Head Trauma in the ED Lecture Powerpoint Flashcards
Intracranial pressure (ICP)
Pressure exerted by fluids such as CSF and blood inside the skull (rigid nonexpandable box) on prain tissue, normal is 7-15 mmHg (average 10mmHg), for supine adult, >20 is abnormal, >40mmHg is severe, sustained increased ICP leads to decreased brain function and poor outcome
Compensated state of ICP
When an individual has a brain bleed (or enlarging mass), CSF and venous volume decrease to maintain normal ICP in a compensatory manner (brain mass and arterial volume unaffected) if overwhelmed see drop in arterial volume leading to ischemia of the brain or herniation of brain tissue
ICP monitoring types (3)
- Intraventricular (can be used to drain CSF as well - therapeutic as well)
- subdural
- intraparenchymal (in the brain tissue itself)
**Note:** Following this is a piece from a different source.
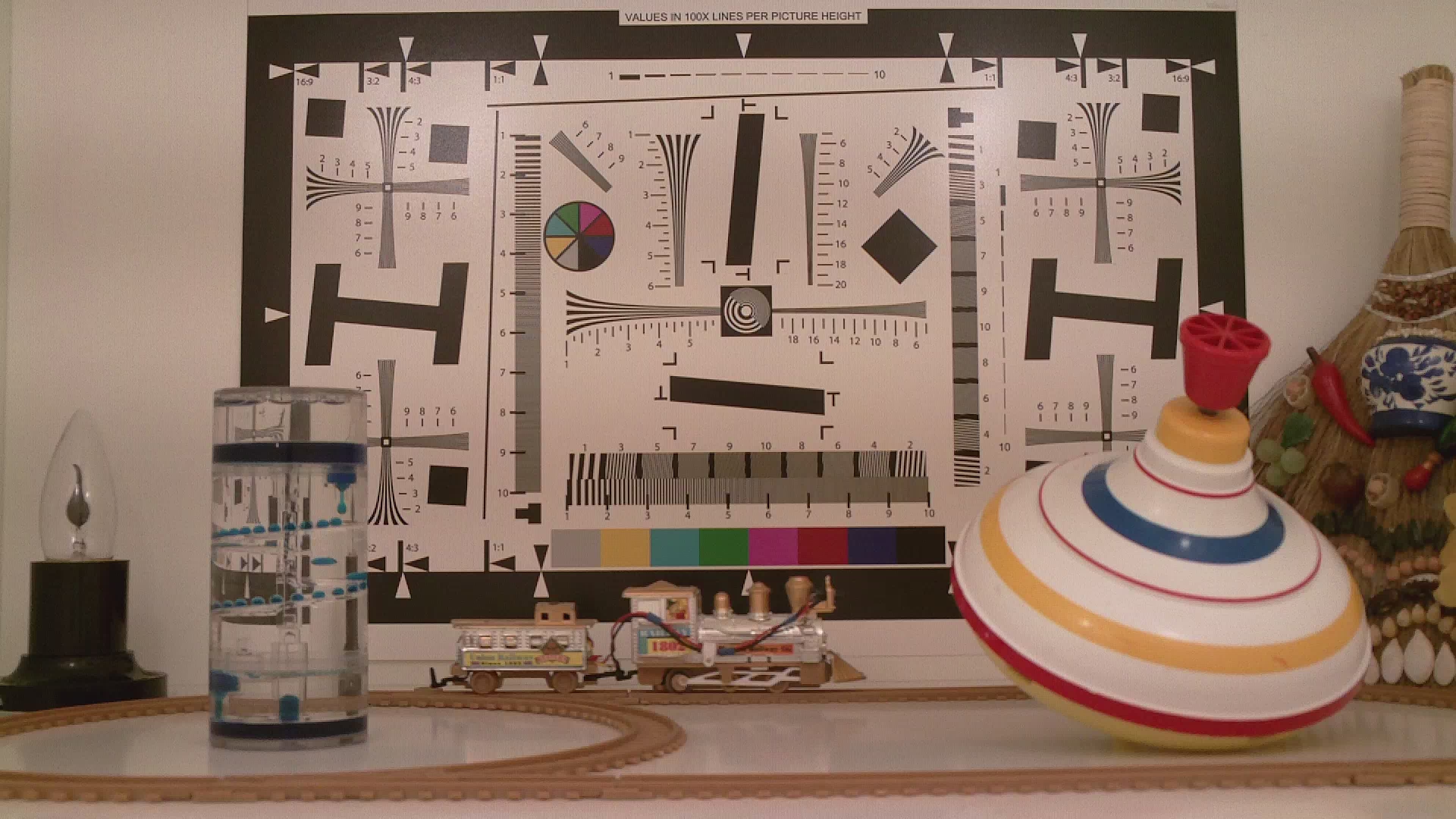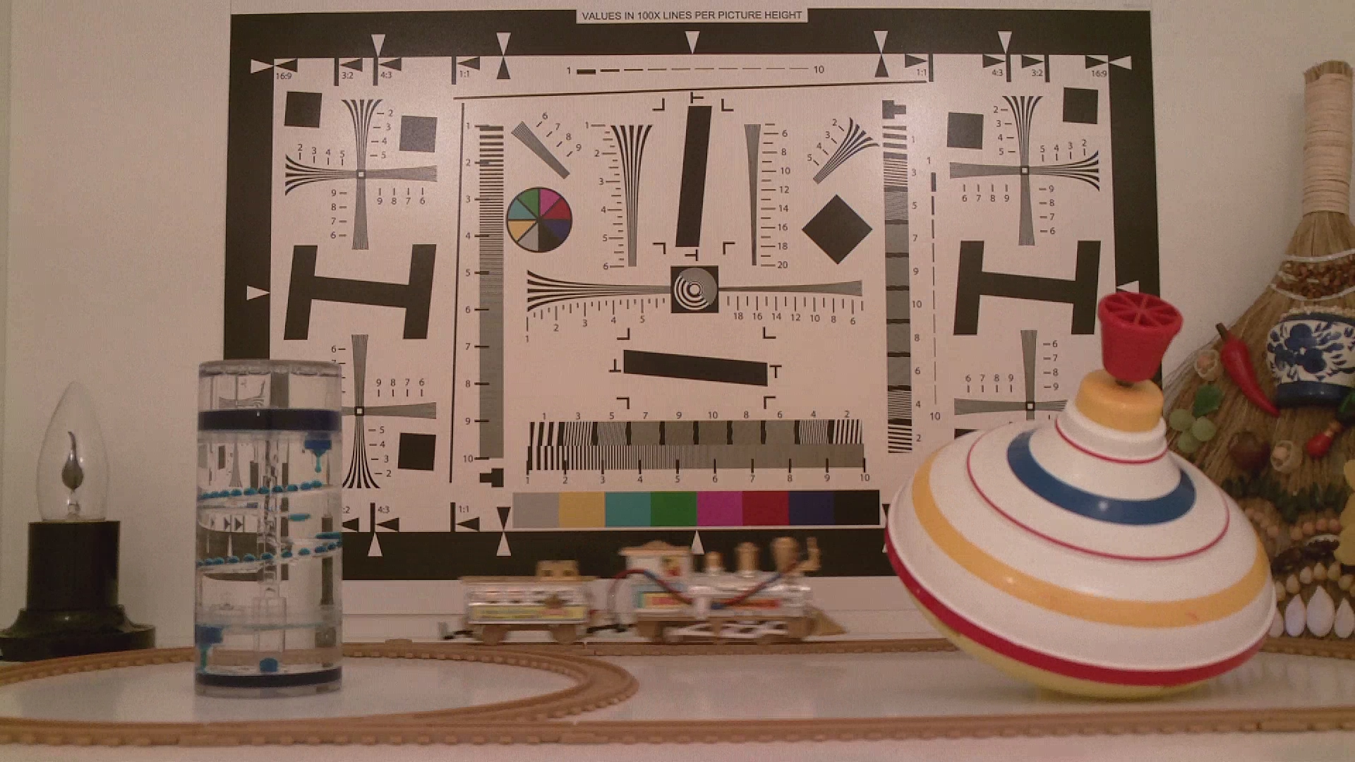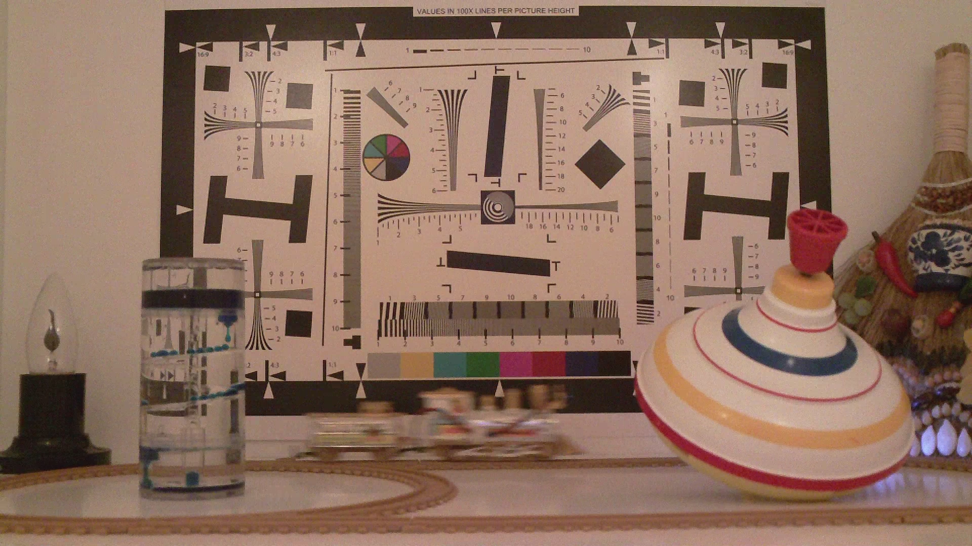 Данное тестирование проводится согласно опубликованной методике в целях установления чувствительности видеокамеры в данных условиях, а также для определения относительной чёткости даваемой картинки; результаты этих тестов аккумулируются на сравнительной странице.

Cerebral perfusion pressure (CPP)
Difference between mean arterial pressure (avg between systolic and diastolic) and intracranial pressure, a net pressure gradient that drives oxygen delivery to brian tissue but not actually a measure of cereral blood flow, normal range 60-70 mmHg (CPP=MAP-ICP), if CPP too low can raise blood pressure or decrease ICP, requires ICP monitor placement first
Primary vs secondary brain injury
-Occurs at time of impact vs occurs at some point after moment of impact, often preventable and very important to control in emergency setting (hypotension, hypoxia, hypoglycemia, hyperthermia, hypocapnia)
Systolic blood pressure value in head injury patients need in order to prevent secondary injury
90mmHg
Do intracranial bleeds cause hypotension?
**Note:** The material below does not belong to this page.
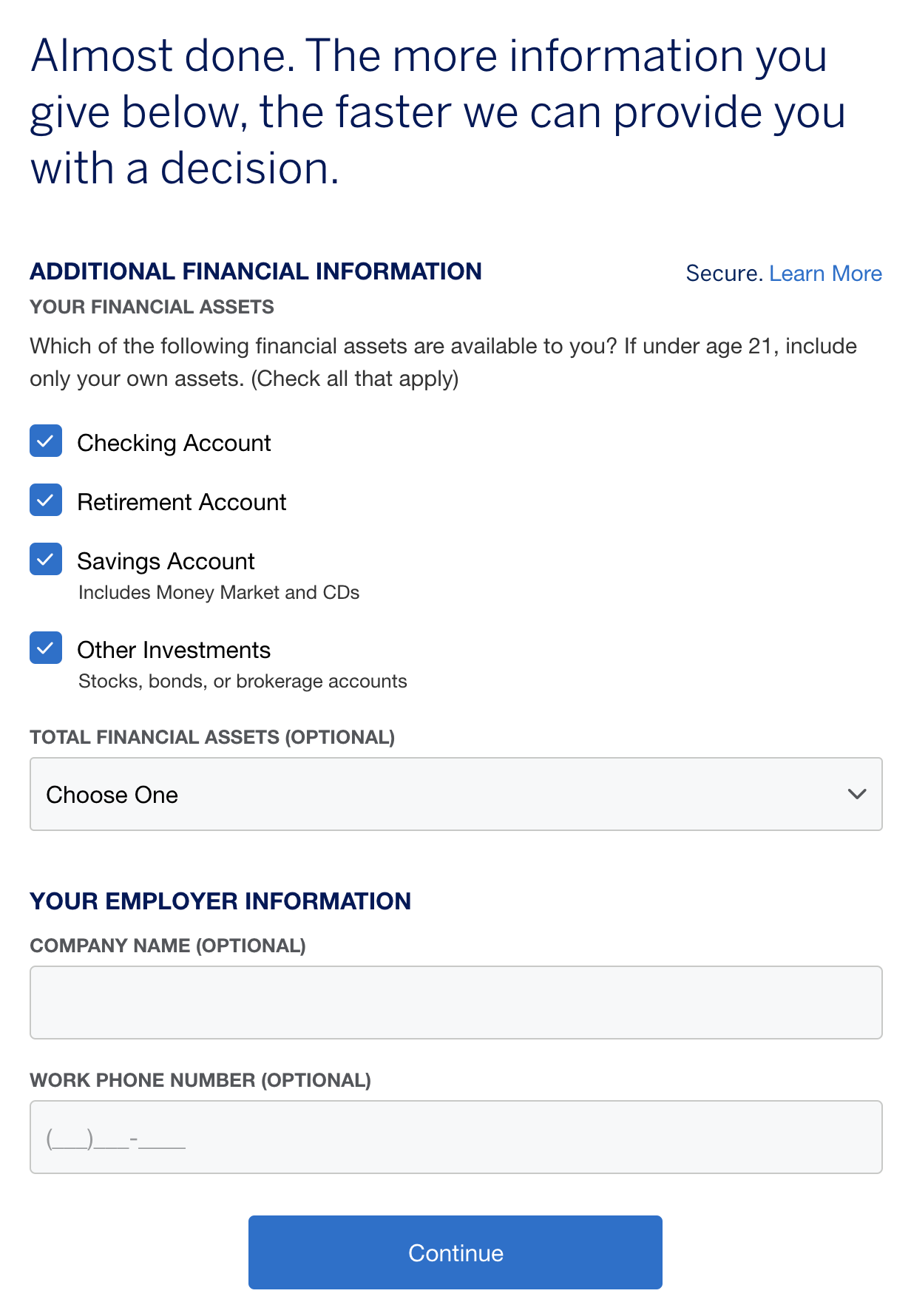 You’ll then be prompted to login to your Amex account, and some of your information will auto-fill on the application page.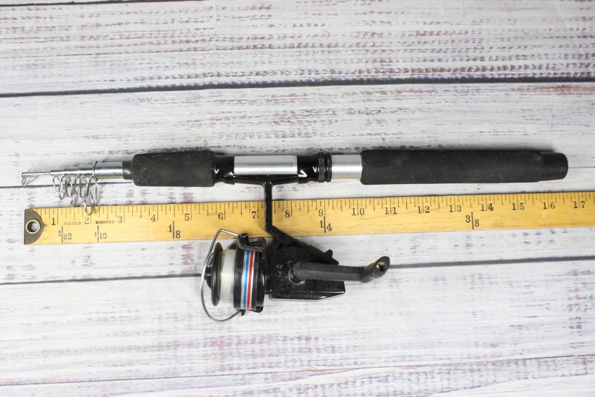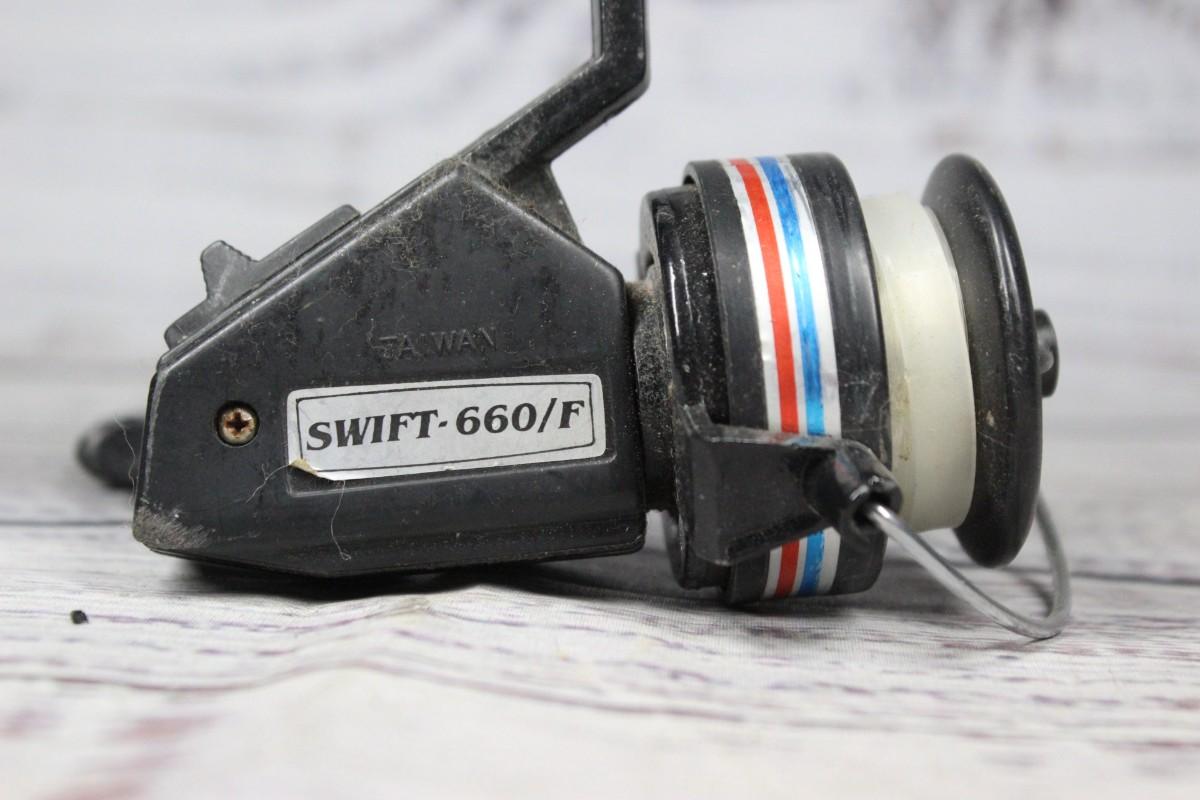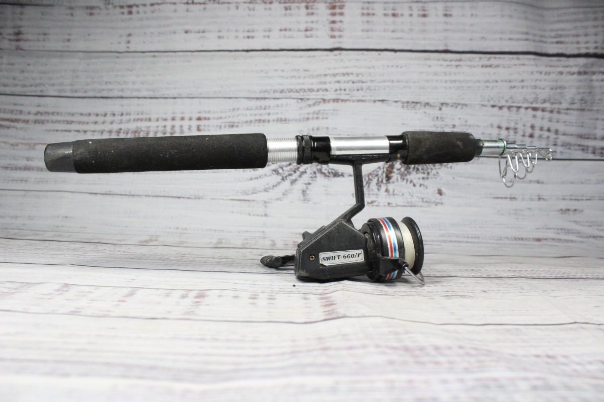 Vintage Swift 660/F Telescoping Spin Fishing Rod, there's no significant damage to the rod and is in fair vintage condition. The reel is a little hard to turn. The rod is 66 inches from base to tip and telescopes down to 16 inches, check pictures for more details.

No because of the rigidity of the cranium - if hypotensive might have some other type of shock going on
Cushings triad
Seen as result of and indicates increased ICP
- hypertension
- bradycardia
- irregular respiration
Labs to draw on suspected head trauma patient*** (5)
- CBC
- CMP
- Coags***
- ABG
- tox screen
Minimum required radiologic studies for head injury patient (2)
- Head CT w/o IV contrast
- cervical spine CT w/o IV contrast
Closed vs open brain injury
Skull not broken, fractured, or penetrated vs sees dura and brain tissue communicating with outside world
Traumatic brain injury severity classification (TBIs) (3)
- Mild, synonymous with concussion (GCS 13-15 and some kind of mechanism of injury, can see confusion, amnesia, stumbling)
- Moderate (GCS 9-12, similar symptoms to mild, need admission to ICU and administration of antifibrinolytic tranexamic acid (TXA))
- Severe (GCS 3-8, minimally responsive, need admission to ICU and managed with TXA but not nearly as effective, same principles of eliminating secondary brain injury)
How to determine who with a mild TBI gets a head CT criteria? (10)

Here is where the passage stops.